Thursday, 3 May 2012

EIS Seminar 9th May


Dr Serengul Smith, Dr Paula Bernaschina, Vanessa Hill and Adam Edwards will give a talk entitled Superhighways into the Curriculum and Employability: A Three-Way Collaboration. The talk will be on May 9th in G229 starting at 3.

For graduates, gaining employability skills throughout their education is now more important than ever in the current economic climate. Teaching institutions have been increasingly investing in various approaches to ensure that their graduates are fully equipped with knowledge and transferable skills and are able to respond to the changing needs of the job market. Therefore, Middlesex University is building a framework integrating professional skills into curriculum and course design and providing students and academic staff with relevant support and resources.

For a variety of reasons computing science and engineering students tend not to be “readers” or “writers”. They often arrive at university not realising that they will need sound information literacy skills and ability to filter and evaluate the most appropriate sources to do research nor that they are expected to read and write reports and essays at academic level. Intertwined in these actions is the ability to think critically. The lack of criticality is most apparent when students produce written work, which is most often simply a summary of what they have read or done. Although the act of writing is often considered to be a solitary one, in reality this is not the case, especially when the writing takes place in an academic environment. There are many steps that lead up to the moment when words are chosen to express and communicate the ideas and thought processes of the writer. Without these steps there is nothing to write. Therefore, it is crucial that university students are aware of the process they need to undertake in order to progress to an expected level.

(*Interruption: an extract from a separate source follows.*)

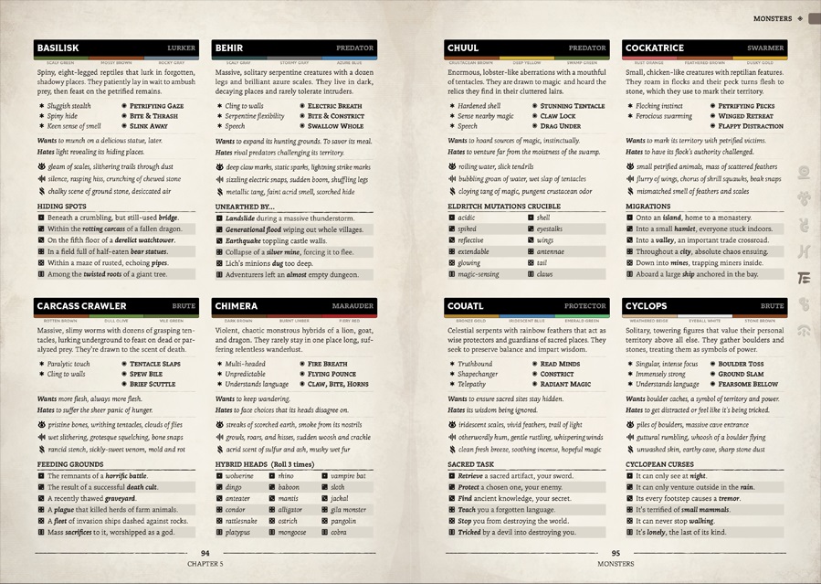 - New Take on 100 Classic Monsters: We detail and give advice on creating encounters that make the monsters a part of the story, not just meatbags of hit points to chew through.

At Middlesex University we have formed an intra-university team (The School of Engineering and Information Sciences, the Learner Development Unit and Learning Resources) to target the development of academic and information literacy as well as graduate employability. This paper discusses and critically analyses progress so far with the integration of various skill sets into the wider employability skills framework devised by the School of Engineering and Information Sciences (EIS). Integration has been carried out at a programme level in order to avoid any overlap between the modules of a programme so as to ensure all students receive consistent standards of skills training. This has included work planning the detailed curricula to be followed at each level and coordinating this with academic writing, information literacy and other skills.
Embedding our work within the syllabus of each programme has not only raised student awareness of our existence but also of the importance of each of these aspects (information literacy and academic/professional literacy) in their academic work.

Online surveys have been conducted to elicit data on the marks gained for the linked coursework, the skills and knowledge retained by the students and the views of their tutors as to whether this has made a real difference to the quality of the work the students have produced. As a result, our embedding has grown and moved beyond the 1st year students, we intend to widen our spectrum from 1st year trial to the final year project and MSc level.